Somali Americans are Americans of Somali ancestry. The first ethnic Somalis to arrive in the U.S. were sailors who came in the 1920s from British Somaliland. They were followed by students pursuing higher studies in the 1960s and 1970s, by the late 1970s through the late 1980s and early 1990s more Somalis arrived. However, it was not until the mid and late 1990s when the civil war in Somalia broke out that the majority of Somalis arrived in the United States. The Somali community in the U.S is now among the largest in the Somali diaspora.

History

The earliest ethnic Somali immigrants to the United States were sailors who arrived in the 1920s, mainly from British Somaliland. Eventually acquiring American citizenship, they actively participated in the Somali independence movement and served as key liaisons whenever Somali political figures visited the UN headquarters. For their substantial contributions to Somali society, these early Somali expatriates were rewarded with medals by the Somali government and some were also issued land back home. Following independence in 1960, Somali students began arriving in the US to pursue higher studies while living with relatives or on scholarships. Many of the youngsters returned to Somalia after graduation and went on to play an important role in the development of their nation. During the 1980s, a small number of Somalis settled in the United States. They were later joined by many other ethnic Somalis from different backgrounds, who sought asylum in the US after the outbreak of the civil war in Somalia or emigrated from other parts of Greater Somalia.

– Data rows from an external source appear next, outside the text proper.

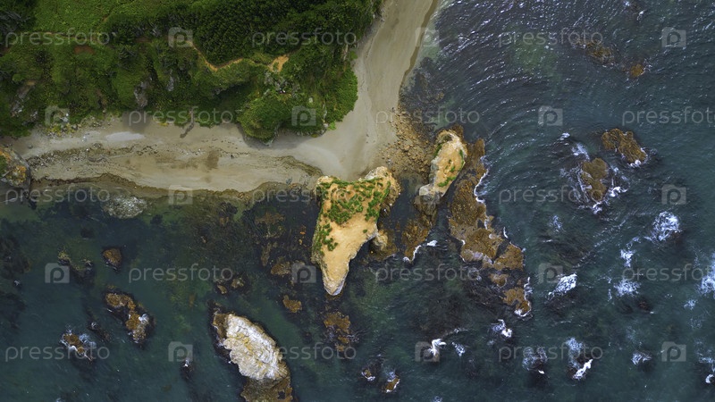 Вид сверху берега с скалами в воде и лесу. Клип. Удивительная природа побережья с красивыми скалами и чистой водой. Дикое побережье со скалами в бирюзовой воде и зеленым лесом в солнечный день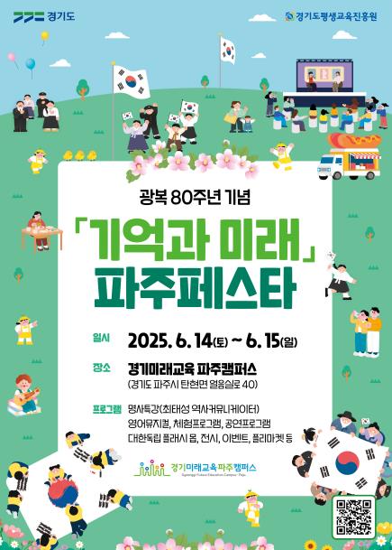 [뉴스서치] 경기도가 주최하고 경기도평생교육진흥원이 주관하는 광복 80주년 기념 ‘기억과 미래’ 파주페스타가 오는 14일과 15일 양일간 경기미래교육 파주캠퍼스에서 열린다.
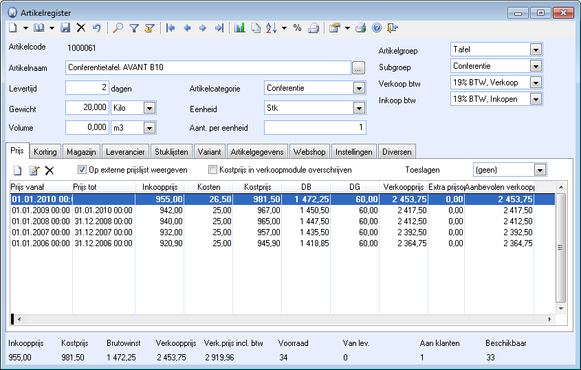 Indien er velden of tabbladen zijn die niet worden weergegeven, of welke u niet wenst weer te geven, kunt u dit aangeven bij de gebruikersinstellingen voor artikel. U kunt aangeven welke functionaliteiten beschikbaar moeten zijn in het artikelregister in de bedrijfsinstellingen voor artikel.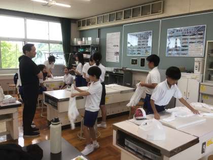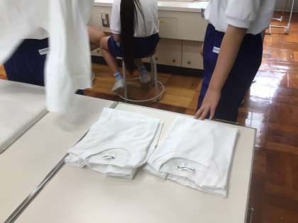 家庭科の学習で、アイロンをかけて、シャツのしわをのばしました。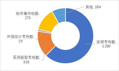 2022年度登记的科技成果共产出知识产权2070项,其中,已授权专利数1227项。从知识产权类型看,发明专利为主要类型,占知识产权总量的62.32%;其次为实用新型专利和软件著作权,分别占知识产权总量的15.27%和13.29%。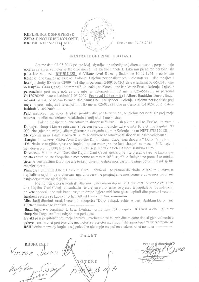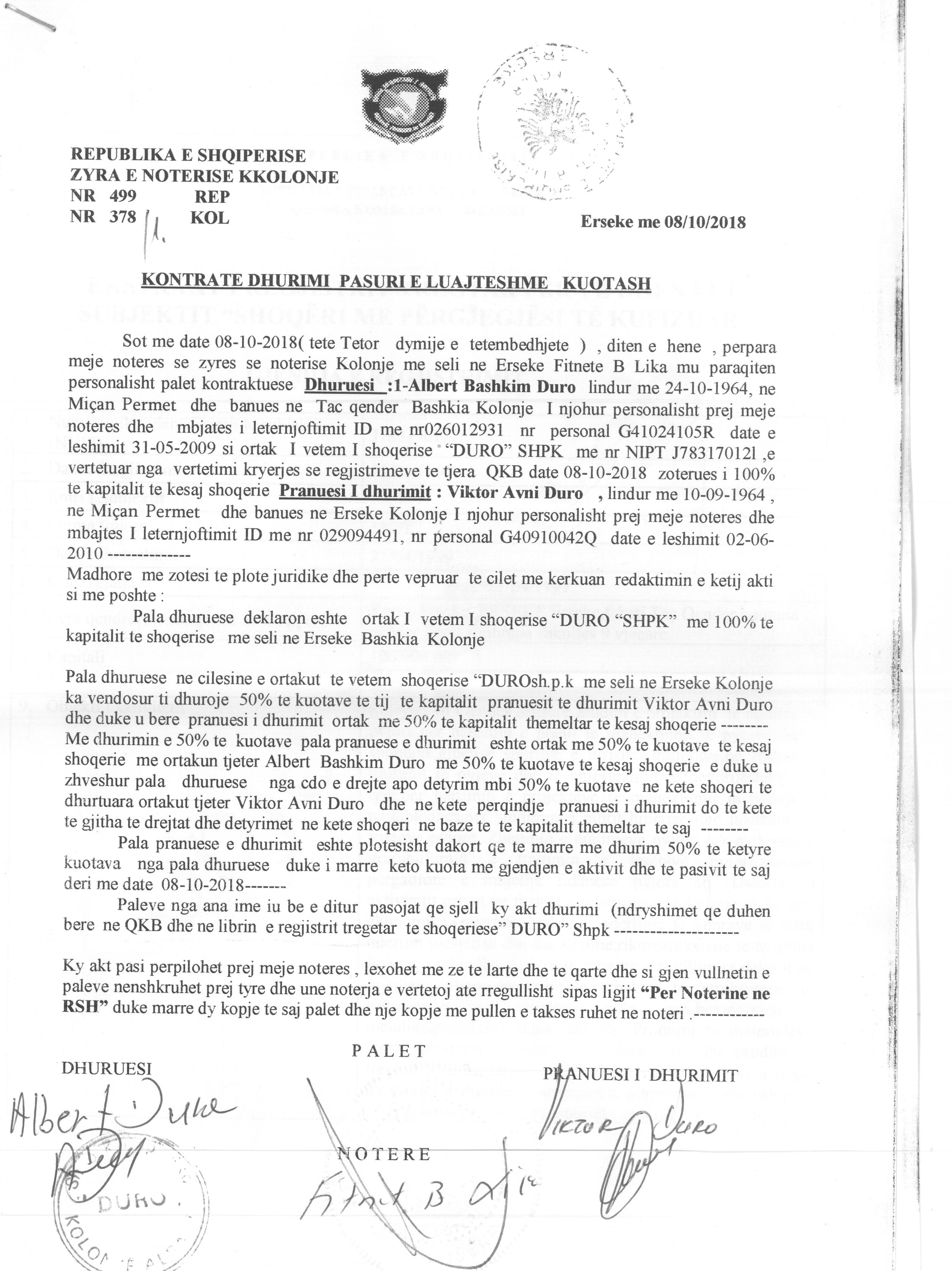 → Ekstrakt historik i regjistrit tregtar 08.02.2021 → Akti i themelimit → Kontrate dhurimi kuotash 08.10.2018 → Kontrate dhurimi kuotash 07.05.2013 |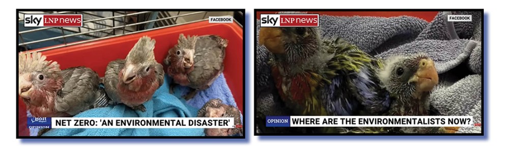 Hundreds were killed by the trees’ destruction. Many, many, more that we don’t know about. And Bolt could be forgiven if he had broken down and cried when he told his viewer that one of the injured birds taken to a Mudgee vet had already died!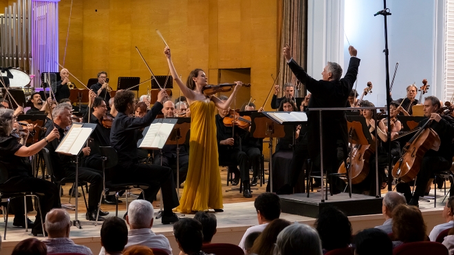 Σολίστ στο βιολί ήταν η κορυφαία Βουλγάρα βιολονίστα Liya Petrova, που ερμήνευσε το συναρπαστικό κοντσέρτο για βιολί του Τσαϊκόφσκι, ενώ στο δεύτερο μέρος του προγράμματος η Κ.Ο.Θ., υπό τη μουσική διεύθυνση του Γιάννη Πουσπουρίκα, παρουσίασε την υπέροχη ‘Συμφωνία του Χριστού’ του Χαρίλαου Περπέσσα, ένα σπάνιο διαμάντι της ελληνικής μουσικής με εκτενείς αναφορές στην Αποκάλυψη του Ιωάννη.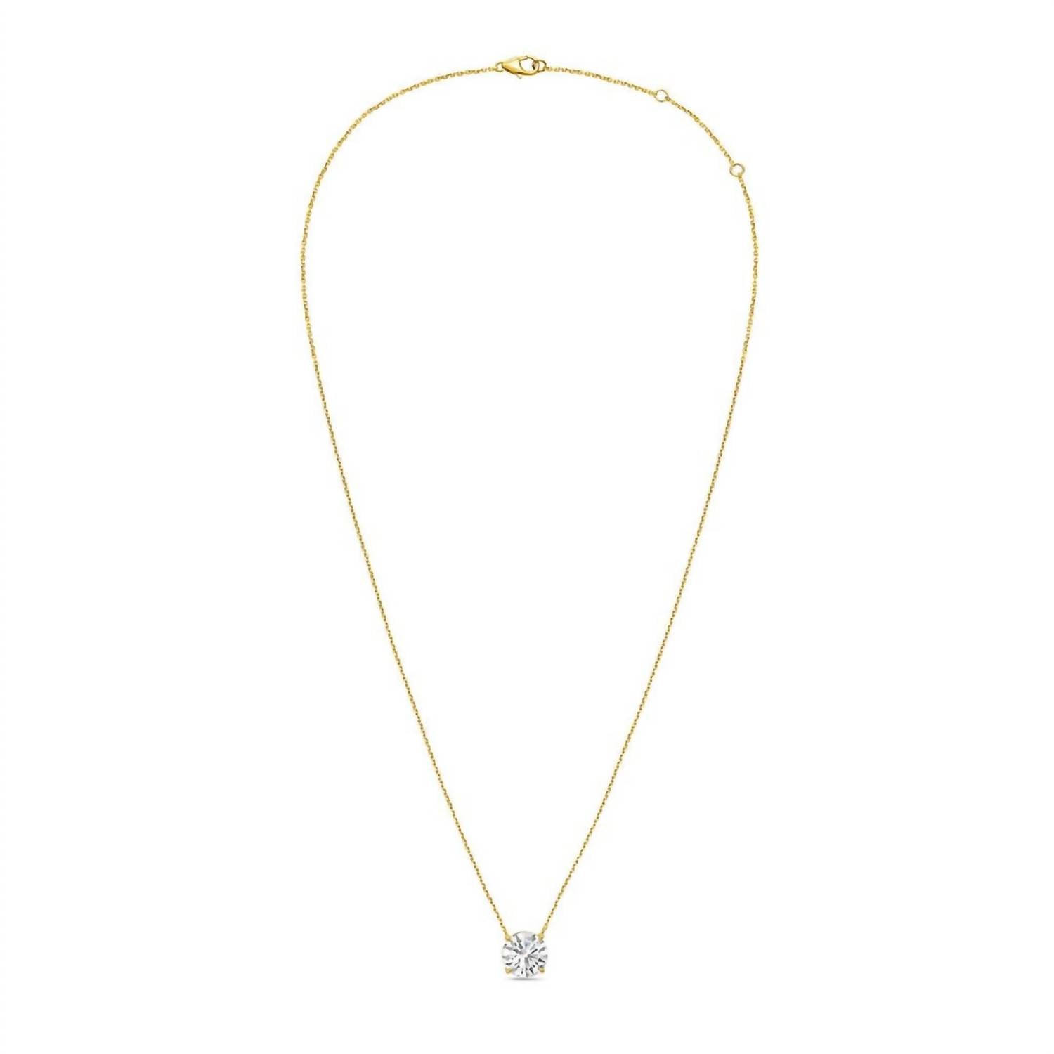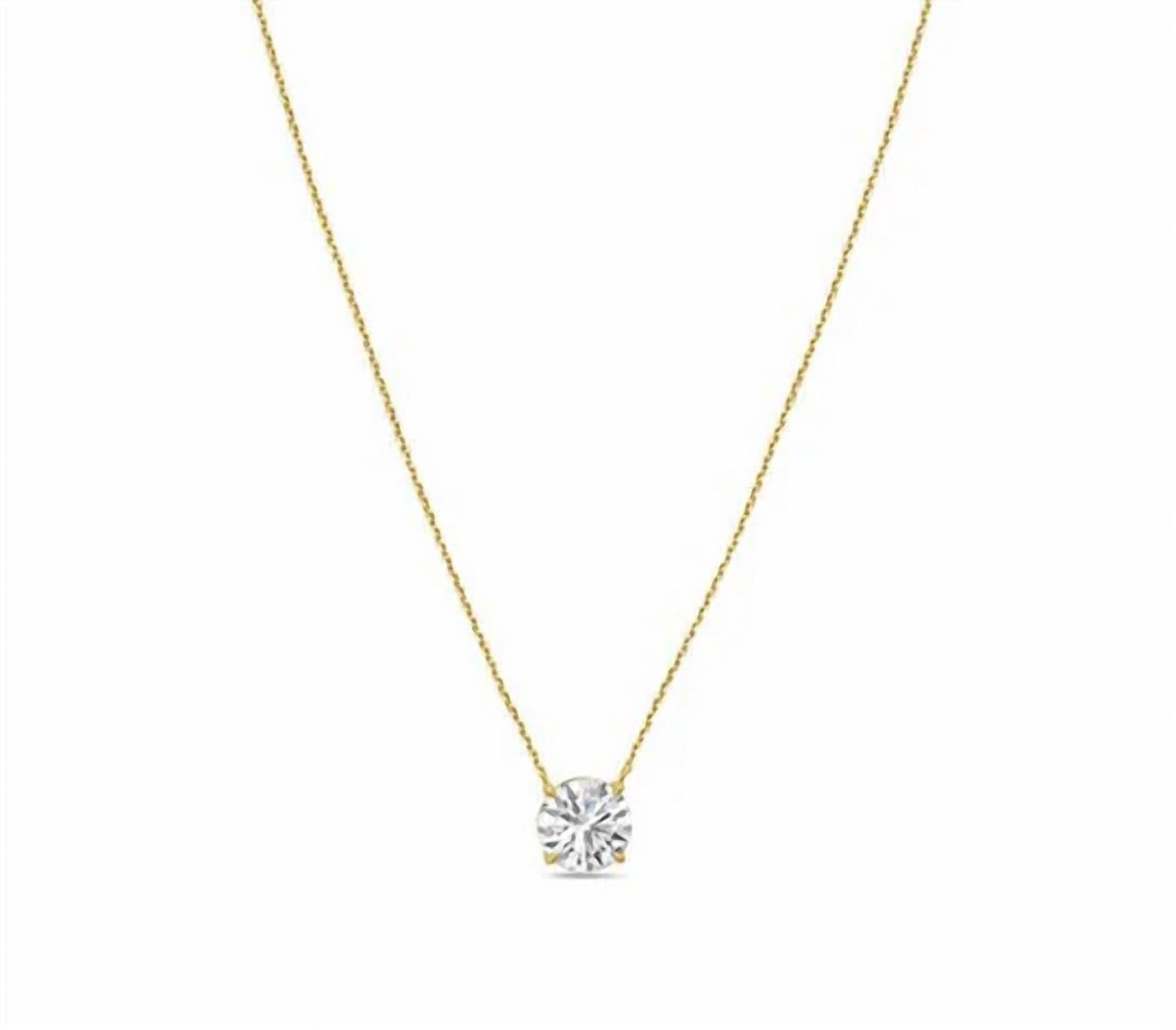 Layer this necklace or wear it on its own. Either way it's a win-win. Discover timeless elegance with the 4.00 Cts Lab Grown Diamond Solitaire Pendant Necklace by Diana M Jewels. Crafted from luxurious 14k yellow gold, this fine piece features a dazzling round brilliant diamond, showcasing 4 carats of lab-grown perfection with DEF color and VS clarity. The pendant is securely set in a four-prong setting and suspended from a 16 to 18-inch chain, fastening with a convenient lobster clasp. Ideal for an April birthstone, its excellent cut ensures maximum sparkle and brilliance.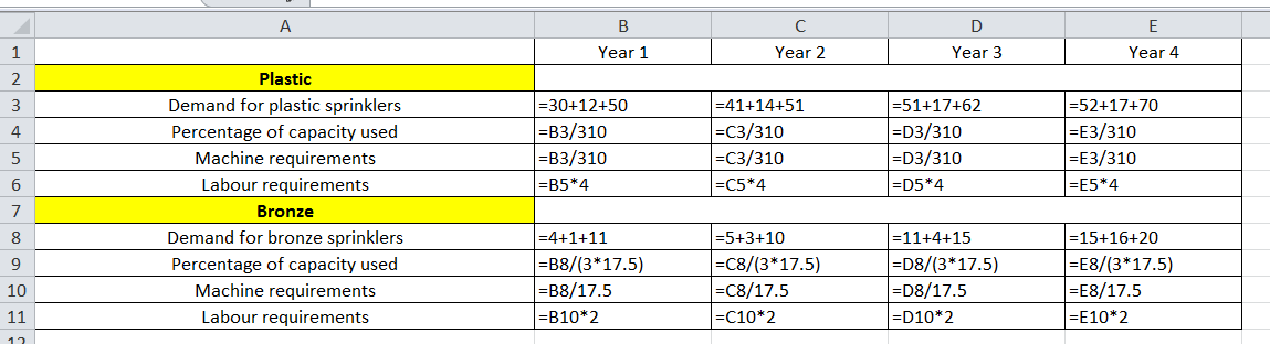 Currently two production lines are in place for making bronze and plastic sprinklers. AlwaysRain Irrigation Inc would like to determine capacity requirements for the next four years.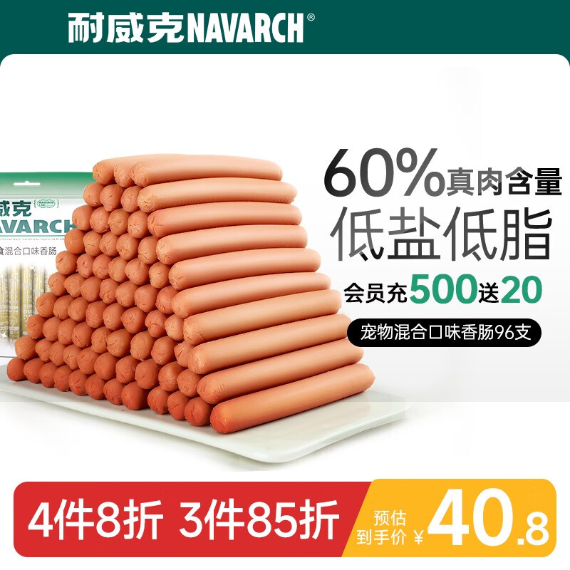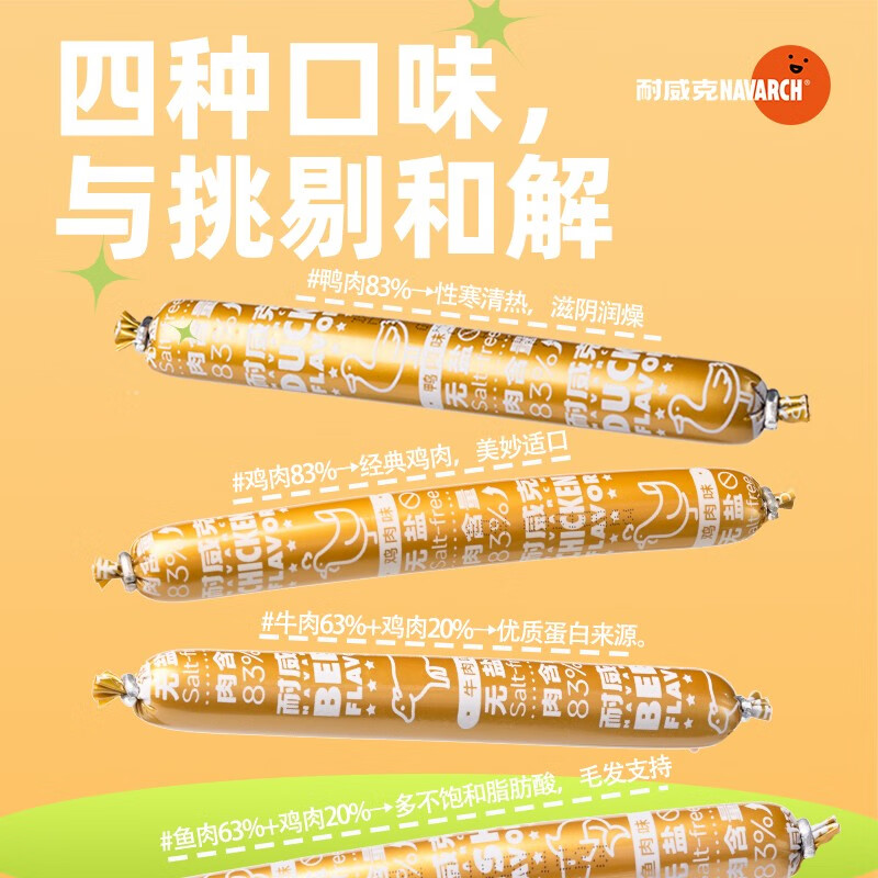 霆特耐威克狗零食火腿香肠泰迪金毛柴犬训练宠物零食96支 混合口味丨8 动物性原料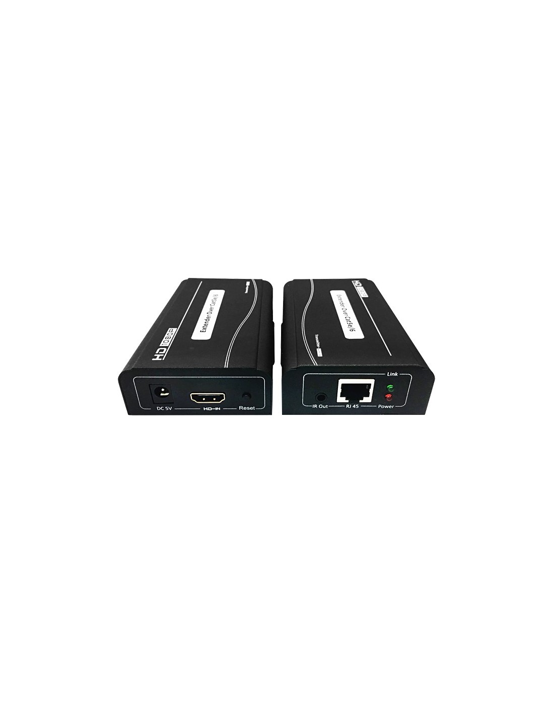 Transmisor - Receptor señales HDMI a través de un estándar Cat5e/6 150m | Vídeo HD | 1080p@60Hz hasta 150m | Admite transferencia de infrarrojos con una frecuencia de 38 KHz | Soporta HDMI 1.3 y HDCP1.2. LED de estado | Compatible con formato de audio DTS-HD/Dolby True HD/PCM/Dolby AC3/DSD | Adaptador corriente 5VDC/1A. Plug & play, sin configuración. Carcasa metálica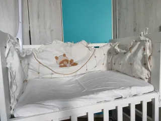 Protector acolchado para minicuna con un tierno diseño de osito. - Tejido blanco con detalles bordados. - Volantes en los bordes. - Estampado de osito en el centro. Le falta un lacito para atarlo a la minicuna, pero no hay ningún problema para sujetarlo, como se puede ver en la foto.
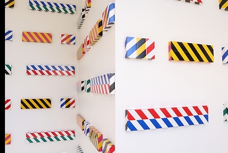 “OSHA/ANSI no. 15: Safety Tape on Panel” presents a series of 71 multi-colored panels depicting safety tape patterns, which snake around the building’s brightly lit lobby walls. The vivid pop of colors and patterns create an inviting atmosphere that also highlights the Office of Sustainability, Facilities, and Safety’s commitment to ensuring safety in workspaces and activities across the Institute.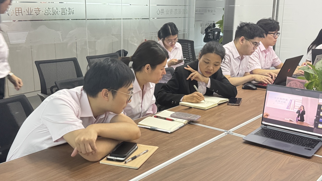 由财务部绮莹总结会议内容,倡导摒弃“各管一摊”思维,树立“团队一盘棋”意识;明确财务相关要求,倡导销售同事严格按单执行财务建议,以实际行动践行相互担责。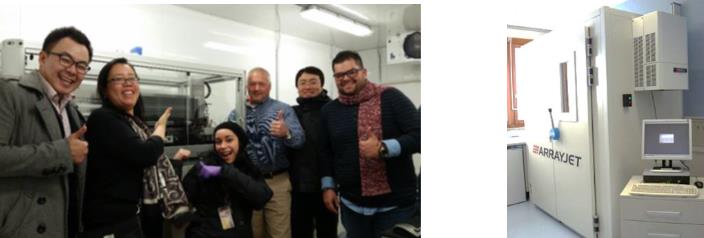 通過(guò)方法學(xué)的成功轉(zhuǎn)移,CDI 公司目前能生產(chǎn)全球最大的人類蛋白組芯片,一個(gè)批次能生產(chǎn)100張3.1 版本的HuProt 芯片。采購(gòu)Ultra Marathon II飛行噴墨式點(diǎn)樣平臺(tái)讓CDI能夠制備蛋白組芯片和其他客戶定制的芯片。通過(guò)這些芯片,客戶能使用最小量的臨床樣品進(jìn)行上萬(wàn)種蛋白的分子相互作用檢測(cè)。Arrayjet Advance芯片服務(wù)和非接觸壓電式點(diǎn)樣技術(shù)顯著的提高大規(guī)模、高質(zhì)量的蛋白芯片生產(chǎn)效率。環(huán)境控制單元不僅僅保證了完美的樣品點(diǎn)形態(tài)和矩陣,同時(shí)保護(hù)了蛋白的天然構(gòu)象,最終證保實(shí)驗(yàn)結(jié)果的一致性。

A large number of the Somali immigrants settled in Minnesota, which by 2002 harbored the largest population of Somalis in North America. Many of the newer arrivals came through voluntary agencies (VOLAGS) contracted with the State Department, who helped them settle in. By 2006, Somalis in the state accounted for $164–$394 million in purchasing power and owned 600 businesses. The city of Minneapolis in particular hosts hundreds of Somali-owned and operated commercial ventures. As of the 2015 American Community Survey, there are 57,000 residents in the state who are of Somali ancestry, among whom 31,400 were born in Somalia.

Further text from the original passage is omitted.